Both Soe Lin Myat and Nang Mo previously worked for the tech giant Garena and have been able to apply leading technology to Kyarlay, while maintaining an approach tailored to the Myanmar market. Their stores are open seven days a week and double as fulfilment centres, making Kyarlay the only company able to provide safe and efficient delivery within just a few hours.
Kyarlay has also created a strong community among young Myanmar parents, including with their app and website which include videos and content from Myanmar’s leading paediatricians and obstetricians. By creating a community around their business, Kyarlay is able to continuously learn more about their customers. It’s due to this community that Kyarlay recently started to develop their own branded products for the Myanmar market – meaning they’re able to offer quality items for a lower price to their customers.

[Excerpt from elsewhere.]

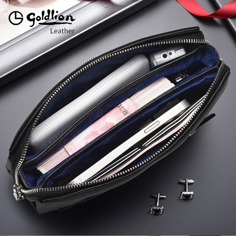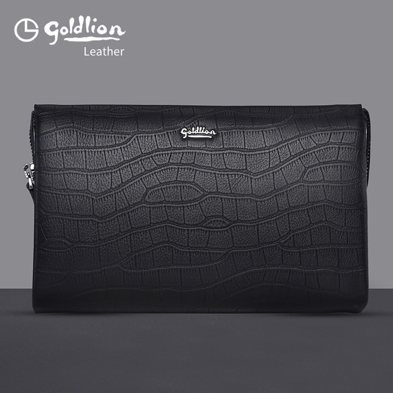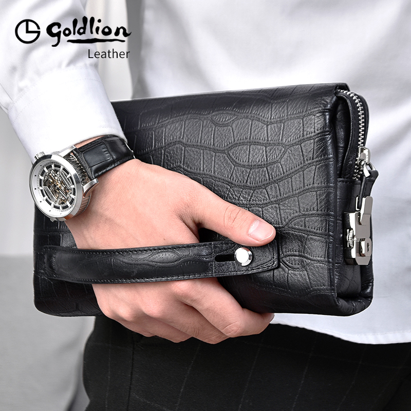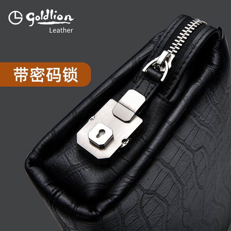 Kinley to 2022 new crocodile textured men's genuine leather handbag with large capacity burglar-proof coded lock bracelet handgrip bag

EME Director, Hitoshi Ikeya said, “We’ve been watching Kyarlay for a while and we’re so pleased we’re able to support them, especially during this volatile time when others might shy away from new investments. Soe Lin Myat and Nang Mo have proven their ability to develop a leading business and EME is thrilled to join them in their journey. We’ll be helping to bring new and exciting products to market, but right now we’ll be helping to ensure that Kyarlay has everything it needs to help parents stay home and stay healthy.”
Kyarlay marks EME’s eighth investment in Myanmar since launching in October 2018. EME is a VC based in Myanmar and providing significant post-investment support to its portfolio companies to help them scale. EME is backed by private investors as well as the Dutch Good Growth Fund and seeks to contribute to Myanmar’s sustainable economic development by supporting great entrepreneurs who can change markets and deliver true value to consumers and businesses alike.

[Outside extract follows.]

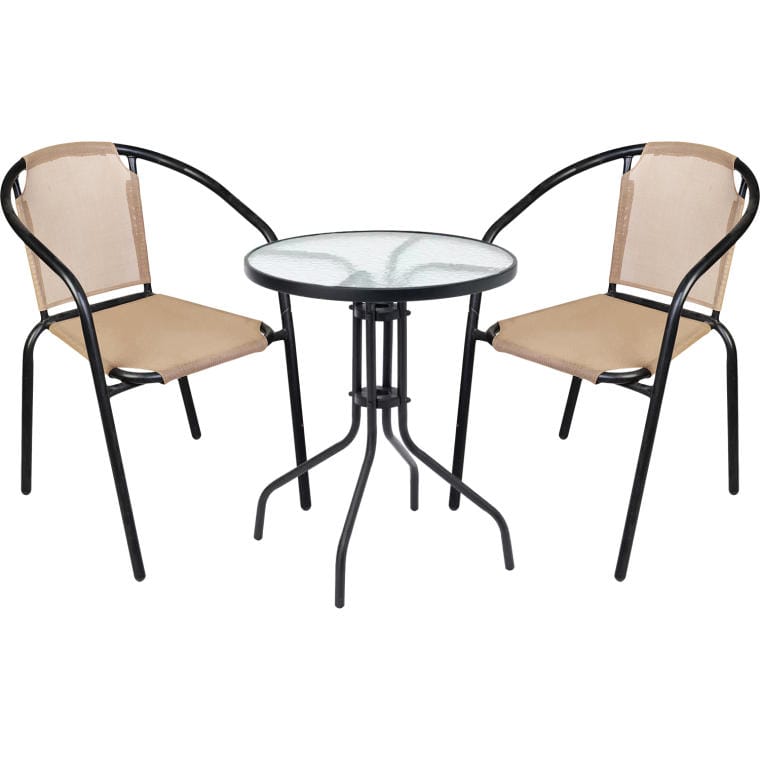 Zestaw Mebli Ogrodowych Bistro Beżowy 2+1 z Szybą Hartowaną

**Q&A with Nang Mo, Co-founder of Kyarlay**
Why did you start this business?
As a parent you always need certain items, diapers for instance, and you often forget them. In Yangon, forgetting something as simple as milk powder can easily mean a one hour round trip back to the store. We experienced this frustration and saw that we had the skills to address it. We realised that there was a large market of parents just like us and that this market was growing. We each applied our core skills and started Kyarlay, adding the app and 4-hours delivery late last year.
What makes Kyarlay different from regular bricks and mortar baby stores?

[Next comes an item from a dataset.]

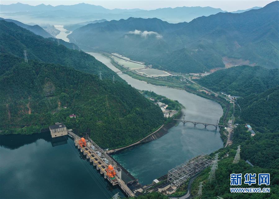 7月6日拍攝的新安江水庫(無人機照片)。受連續(xù)強降雨影響,位于浙江建德的新安江水庫水位持續(xù)上漲。據(jù)浙江省水利廳發(fā)布的數(shù)據(jù),截至7月6日14時,水庫水位上漲至106.54米,超汛限水位0.04米,且仍在上漲中。為確保水庫防洪安全、合理利用水資源,新安江水庫預(yù)計于7月7日開啟泄洪閘泄洪。新華社記者翁忻旸攝

Our community-driven approach really helps us to be closer to our customers. We’re able to share with them and in return learn more about their challenges. It’s this community approach that drives our business, whether it's later opening hours so parents can visit one of our shops after work, or competitions and promotion within our app that helps parents engage with one another. We launched our 4-hour delivery because we realised that parents need items on the same day and our community and customer focus helped us to understand that.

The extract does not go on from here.